New Jersey Gov. Chris Christie

New Jersey Gov. Chris Christie Credit: AP

George Will is a nationally syndicated columnist.

Near the office of New Jersey's 55th governor sits a sort of shrine to the 34th. Fortunately, Chris Christie is unlike Woodrow Wilson.

Christie is a visceral politician who thrives on conflict. Wilson regarded opposition as impious.

Wilson acquired the governorship, his first elective office, in January 1911, having learned about government mostly from books he wrote about it. Eighteen months later he was the Democrats' presidential nominee.

Christie's only previous elective office was as county freeholder. But later, as the state's only U.S. attorney, he became prominent while learning a lot about New Jersey's gamy political culture by prosecuting some of the participants. This unsentimental political education prepared him so well for the governorship that today, in his 20th month, he is being importuned to seek the Republican presidential nomination.

He won't. Here's why.

He relishes being America's Caesar -- its most powerful governor. He wields a line-item veto, he can revise spending numbers but only down (he blocked $1.3 billion in spending this year), and can exercise a "conditional veto," rewriting legislation and sending it back to the Legislature for approval. The governor appoints the attorney general, treasurer, comptroller, all judges and all county prosecutors.

Understanding the first rule regarding political power -- "use it or lose it" -- he has flexed his institutional muscles. "I don't want to leave my political capital in my desk drawer to frame when I leave." To get the legislature to move on his combative agenda for taming public employees unions, he held 30 town meetings in nine months -- almost one a week.

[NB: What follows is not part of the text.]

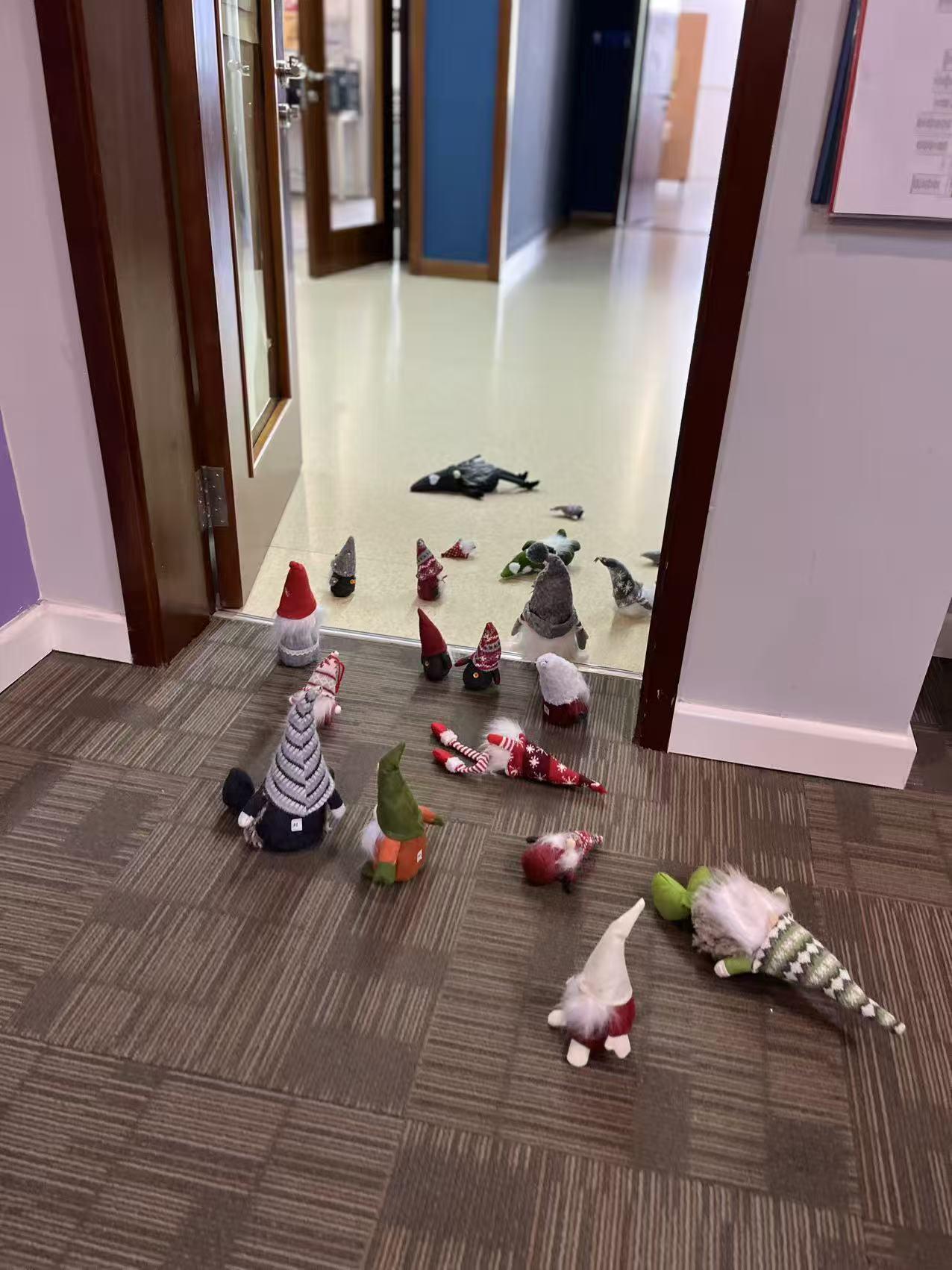 学校一年一度的圣诞节Gnomes Hunting我们喜欢叫它找小人活动,一上午工作群里捷报频传,还有个同事兑换了一提坚果套装,奈何一直有课也没有时间。 一直到下午下课听说还有好多没被找到,赶紧各楼层溜达,像极了小时候在家翻箱倒柜找妈妈藏的糖果,功夫不负有心人,终于在一个圣诞树里面找到了一个,换了个杯套,研究了半天也不知道咋用。[笑哭] 隔壁的同事换了一盒百奇,准备的同事说今天早上两点多过来藏的,今年可能是藏的太隐秘了,到下班的点还有九个没找到,笑死了,欢乐大于礼物哈哈。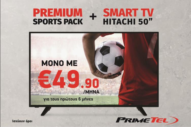 Συγκεκριμένα, οι λάτρεις της στρογγυλής θεάς έχουν τη δυνατότητα να αποκτήσουν σε προνομιακή τιμή, το πακέτο PrimeTel Premium Sports με internet 10 Mbps και επιπλέον τη νέα 4Κ Smart TV 50” της Hitachi μόνο με €49.90 για τους πρώτους έξι μήνες!

The Democratic leader of the state Senate has been an ally. An officer of the local ironworkers union, he understands how much private-sector union members resent paying the taxes that fund the perquisites of public-sector unions.

As U.S. attorney, a federal employee, Christie paid 34 percent of his health care premiums. Meanwhile, state and local employees were paying 1.5 percent of their salaries (less than 5 percent of their premiums). A $60,000 teacher would pay $900 for a $19,000 policy, with taxpayers picking up the other $18,100. This year, the Democratic-controlled legislature has agreed to cutting benefits for 750,000 state employees and retirees, increasing current employees' health care and pension contributions, suspending cost-of-living increases, and raising retirement ages. Projected savings: $120 billion over 30 years.

In the 10 years before Christie became governor, property taxes rose 70 percent, primarily to fund the local salaries, pensions and health care that mayors say account for 75 percent of their costs. Previous state administrations had raised taxes 115 times in eight years.

Christie vetoed a "millionaire's" tax that the legislature said would raise $500 million, and with which the legislature proposed to fund $3 billion in spending. Christie says, "I almost wanted to sign it to see that magic happen."

Taxing the rich is popular, but Christie told New Jersey: "If I let my foot off their throat on the millionaire's tax, they're coming after you with the gas tax." That is, the 24-cent increase in the tax the legislature can't get past him.

Christie was one of the first rocks on which President Barack Obama's overrated political potency crashed. In 2009, Obama campaigned for Gov. Jon Corzine and against Christie in July, October and the Sunday before Christie won handily. No one outside of Washington has made more political waves in the last 20 months than Christie, and no one inside Washington has been as successful.

But he has four children, ages 8 to 17, he will not abandon for presidential politics. When he visited a workaholic aide during her difficult labor before her daughter was born, he said, "Put away your BlackBerry, you are in the middle of a miracle."

As subtle as a linebacker, as direct as an uppercut, Christie, explaining why he will not run, demonstrates why many wish he would. When supporters argue, "You can't say you're not ready -- look at Obama," he replies: "Yeah, look at him."